**Data extract:**
————

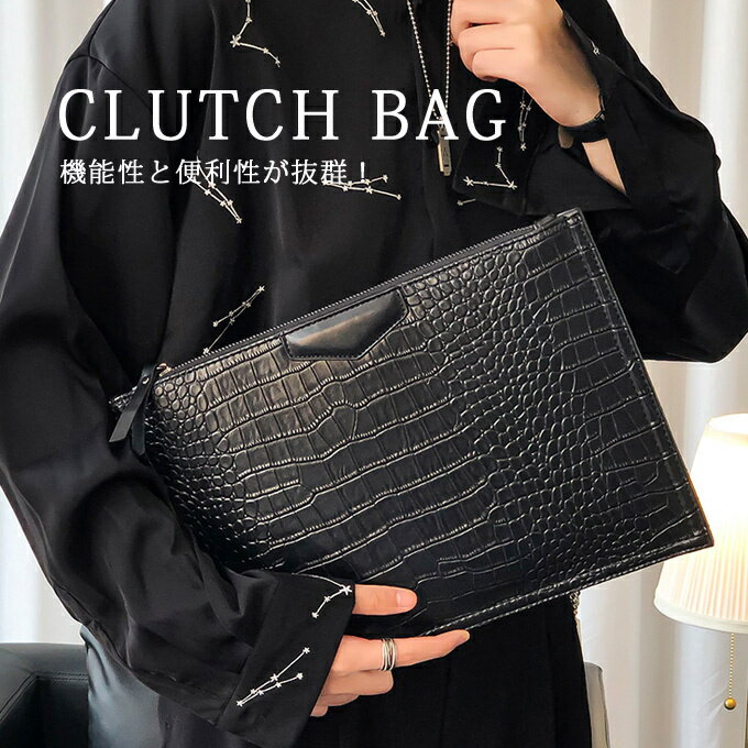 メンズ ハンドバッグ 手持ち セカンドバッグ 2WAY ショルダーバッグ かっこいい おしゃれ クロコ クラッチバッグ 男性 紳士 PUバッグ 鞄 韓国 おすすめ クラッチ ショルダー 封筒 シンプル カジュアル 高級 ビジネス 通勤 通学
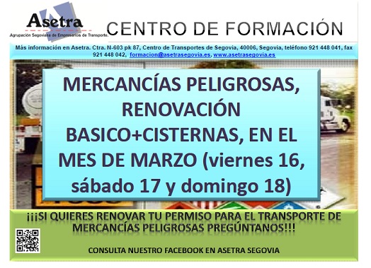 Curso para renovar la autorización de transporte de mercancías peligrosas en marzo (viernes 16, sábado 17 y domingo 18): […]
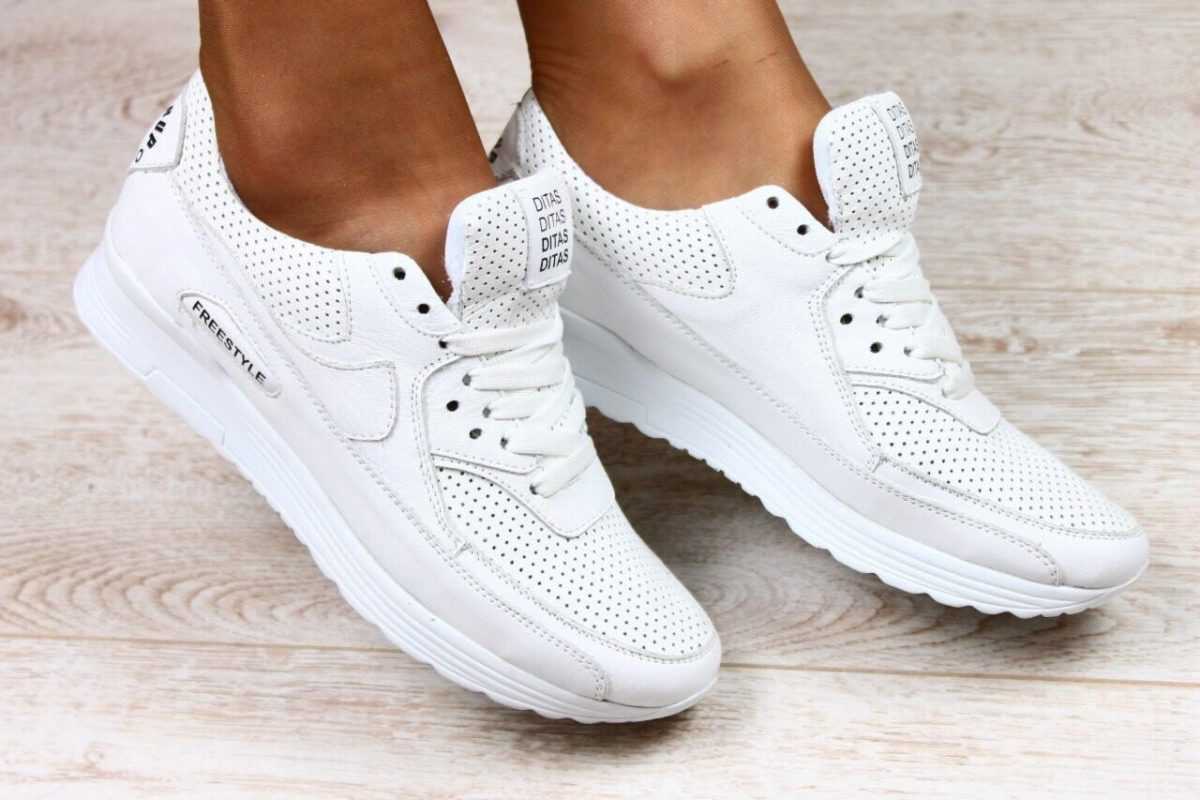 Белый цвет. Традиционные белые заниженные кеды и кроссовки давно уже стали классикой жанра. Они прекрасно гармонируют с недлинными юбками, платьями в стиле «беби-долл» и даже (представьте себе) со строгими костюмами в деловом стиле (главное, чтобы он был как можно более светлым);
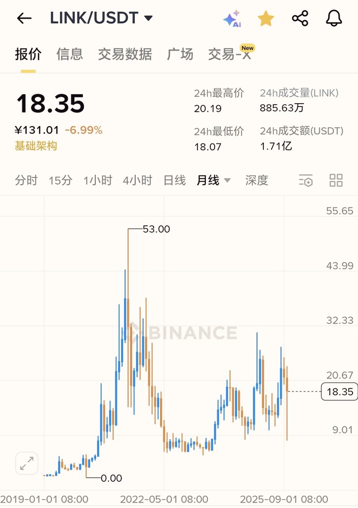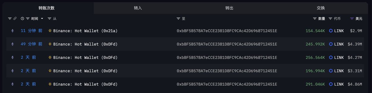 三天前他以均价 $18.13 囤积了 93.4 万枚 LINK(1694 万美元),前天下跌时 $17.5 充值进了交易所,若卖出将亏损 59.2 万美元;4 小时前他又从 #Binance 提出了 50.6 万枚 LINK(847 万美元),暂时无法判断是买回来的还是部分没有卖掉

————

In the copy, only the lines from the one holding "Белый цвет. Традиционные" through the end of the listing above should appear, retyped exactly, both ends included, with no pictures.

**The answer:**
 Белый цвет. Традиционные белые заниженные кеды и кроссовки давно уже стали классикой жанра. Они прекрасно гармонируют с недлинными юбками, платьями в стиле «беби-долл» и даже (представьте себе) со строгими костюмами в деловом стиле (главное, чтобы он был как можно более светлым);
 三天前他以均价 $18.13 囤积了 93.4 万枚 LINK(1694 万美元),前天下跌时 $17.5 充值进了交易所,若卖出将亏损 59.2 万美元;4 小时前他又从 #Binance 提出了 50.6 万枚 LINK(847 万美元),暂时无法判断是买回来的还是部分没有卖掉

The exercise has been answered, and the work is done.